To do: In the records that follow, find the line with "盾構機刀具系列機器人及自動化"; from there, retype every line exactly through the line with "Textured Button Down Cardigan in Ivory", which also belongs to the answer.

Excerpted data:
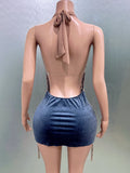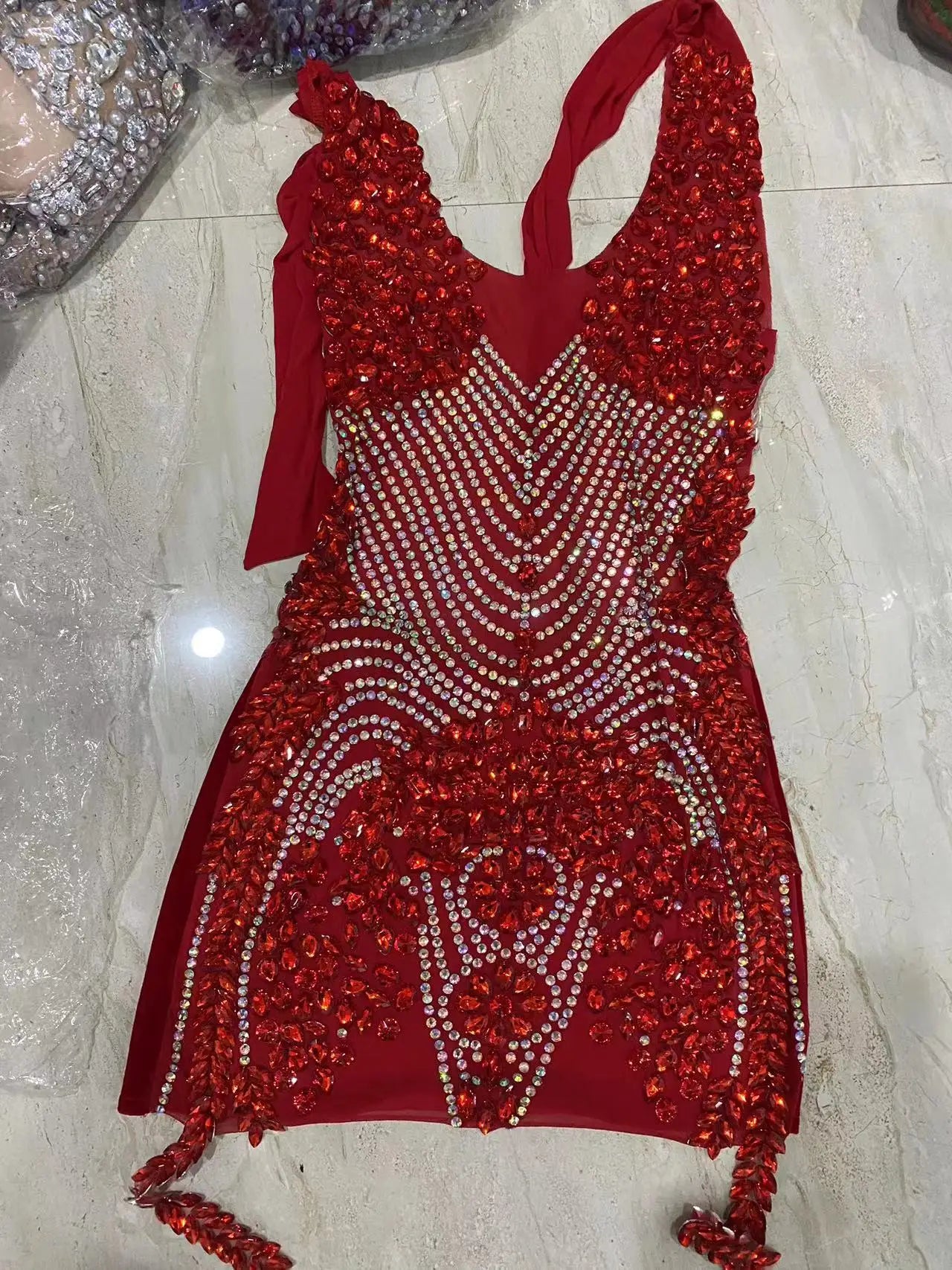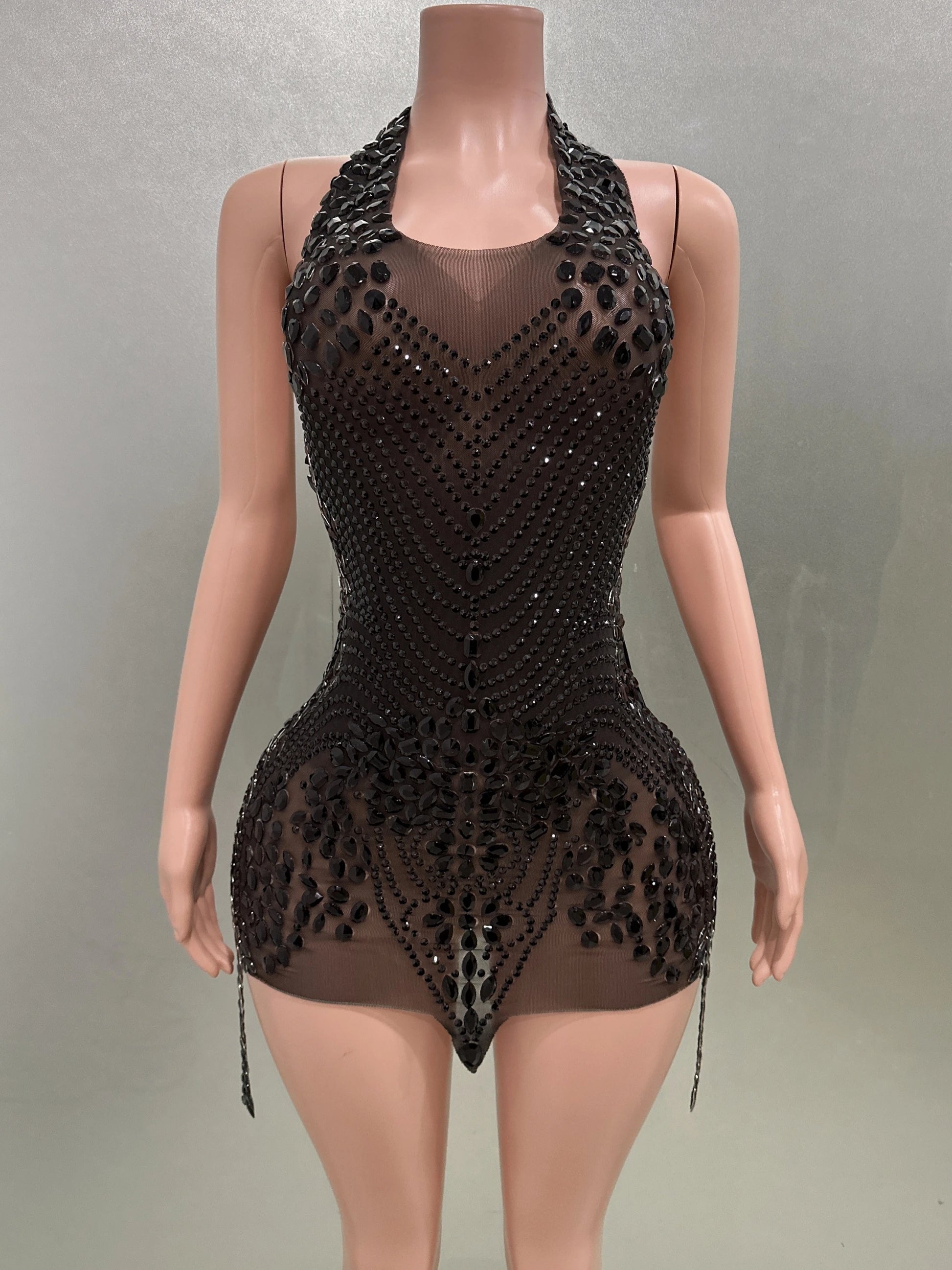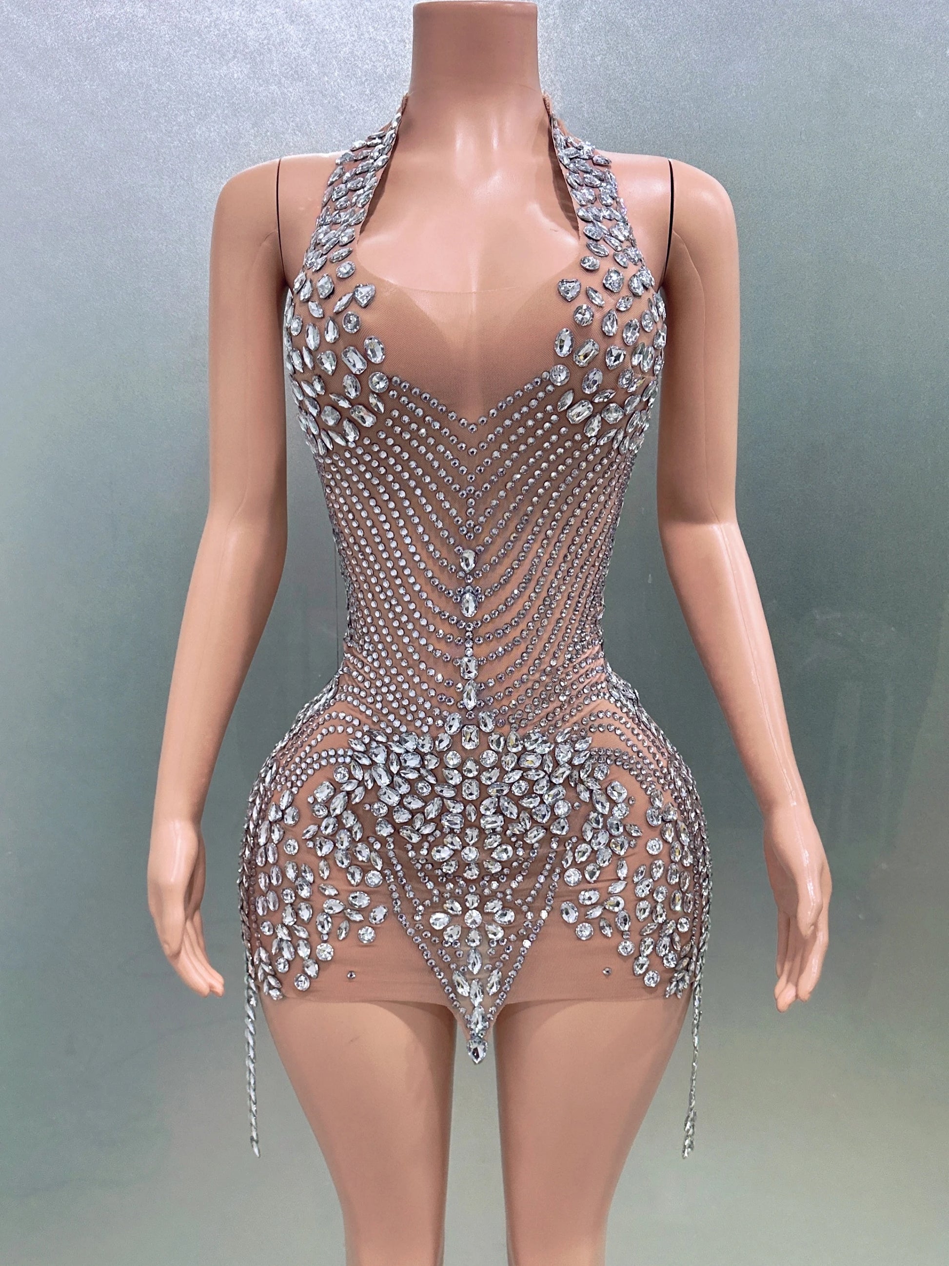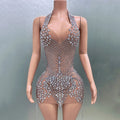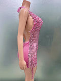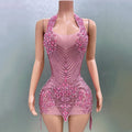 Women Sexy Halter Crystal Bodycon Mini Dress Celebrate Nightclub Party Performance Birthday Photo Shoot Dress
* * *
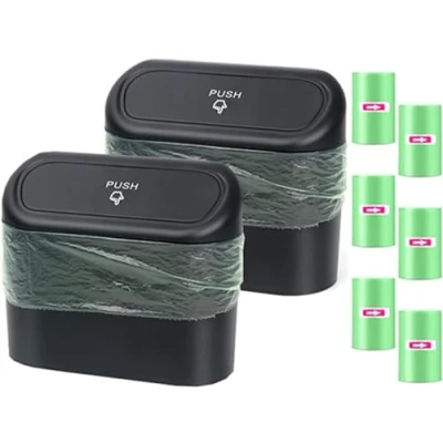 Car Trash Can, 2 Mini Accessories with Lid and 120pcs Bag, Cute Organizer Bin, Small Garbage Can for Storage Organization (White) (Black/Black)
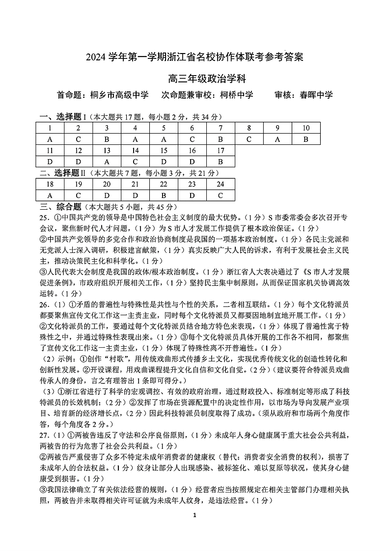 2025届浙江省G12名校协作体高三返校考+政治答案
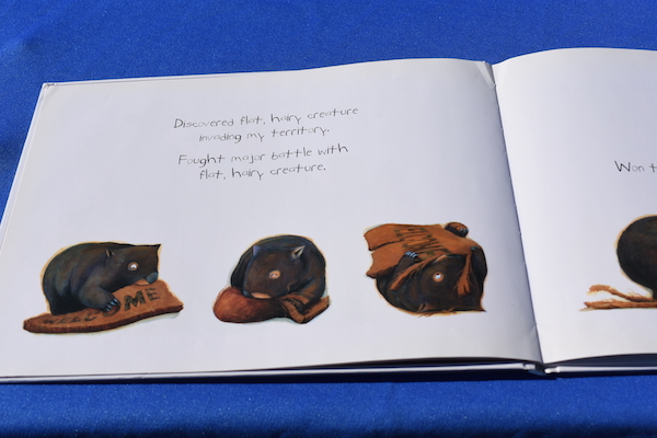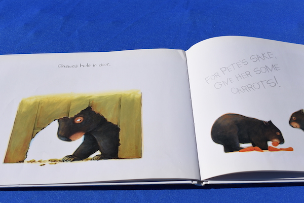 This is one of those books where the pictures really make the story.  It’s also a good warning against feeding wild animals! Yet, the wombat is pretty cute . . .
* * *
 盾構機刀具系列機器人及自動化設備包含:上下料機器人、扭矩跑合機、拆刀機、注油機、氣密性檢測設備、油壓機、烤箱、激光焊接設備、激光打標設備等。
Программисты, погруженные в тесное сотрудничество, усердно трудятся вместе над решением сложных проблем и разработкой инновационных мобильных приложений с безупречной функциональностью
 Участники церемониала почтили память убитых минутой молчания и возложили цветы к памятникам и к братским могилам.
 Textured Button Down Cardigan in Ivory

Completed exercise:
 盾構機刀具系列機器人及自動化設備包含:上下料機器人、扭矩跑合機、拆刀機、注油機、氣密性檢測設備、油壓機、烤箱、激光焊接設備、激光打標設備等。
Программисты, погруженные в тесное сотрудничество, усердно трудятся вместе над решением сложных проблем и разработкой инновационных мобильных приложений с безупречной функциональностью
 Участники церемониала почтили память убитых минутой молчания и возложили цветы к памятникам и к братским могилам.
 Textured Button Down Cardigan in Ivory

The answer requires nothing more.